Though the fiber in dates has the ability to lower cholesterol levels, researchers at the Technion-Israel Institute of Technology in Israel report that dates have better results at lowering triglyceride levels, which is another type of fat in the blood. A study published in the Sept. 9, 2009, issue of the "Journal of Agricultural and Food Chemistry," shows that consuming dates may lower triglycerides by 8 to 15 percent. Reducing your triglyceride levels will lower your risk of hardening of the arteries, heart attack and stroke, according to the National Institutes of Health.
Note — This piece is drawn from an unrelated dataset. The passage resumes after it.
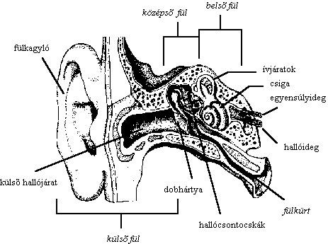 A fül felépítése Forrás: https://hu.wikipedia.org/wiki/F%C3%A1jl:F%C3%BCl_anat%C3%B3mi%C3%A1ja.jpg
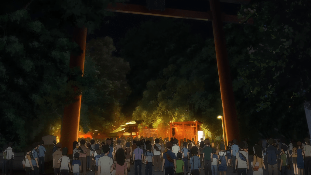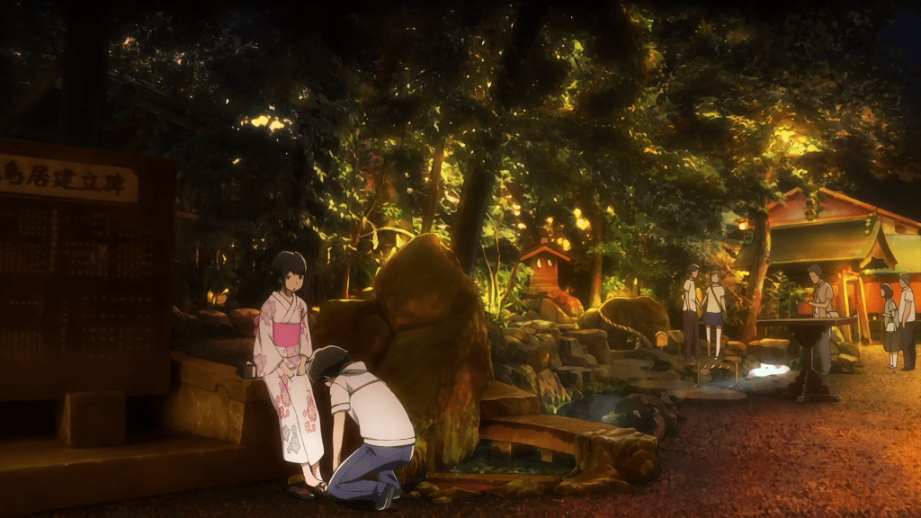 So after writing that previous sentence, I had to wait for Alessio to finishing skateboarding for about an hour. Anyway, we headed straight up to the Hikawa shrine for those night shots. This is where Akane and Kotarou finish their date on episode 8 after having a wonder through town. It’s also where I’ll finish this pilgrimage. I started out taking pictures with my camera but the shots turned out pretty ass. So I used my phone camera for the last few shots instead, and that takes waaaayyyy better night shots. You’ll be able to tell the difference between the two.

Increase Vitamin and Mineral Intake

Adding dates to your diet delivers vitamins and minerals that are necessary to maintain optimum health. The primary vitamins in dates are the B vitamin family, with vitamin B-6 topping the list. The B vitamins help with the metabolism of food and the formation of new blood cells. Other vitamins include K and A. Dates are an excellent source or minerals, with potassium in the No. 1 spot. Copper, manganese, magnesium, calcium, phosphorous, iron and zinc complete the mineral profile. The body only needs small amounts of minerals, but if it is depleted of any one, it can be disastrous to your health. Snacking on dates can help you build up your body's mineral stores.

Carbohydrates

Dates are a good source of energy. Up to 80 percent of the date flesh is sugar that the body can easily access for energy. Fresh dates have a somewhat lower percentage of sugar because the contain more moisture than dried dates, and the sugar in dried dates is more concentrated, but fresh dates are still a good source of carbohydrates.

Fiber

Dates are also a food source of fiber, according to Dr. Al-Farsi. For every 100 g of dates, approximately 8 g is fiber. Most of the fiber is of the insoluble type, meaning that its major health-promoting effect is to add bulk to stool and help food move through the intestinal tract.
Low Fat

Another health benefit of dates is that they are low fat. In 100 g of dates, only a fraction of a gram is saturated fats. Saturated fats can raise serum cholesterol and lead to blood vessel and heart disease, so eating foods low in these types of fats is part of a healthy diet.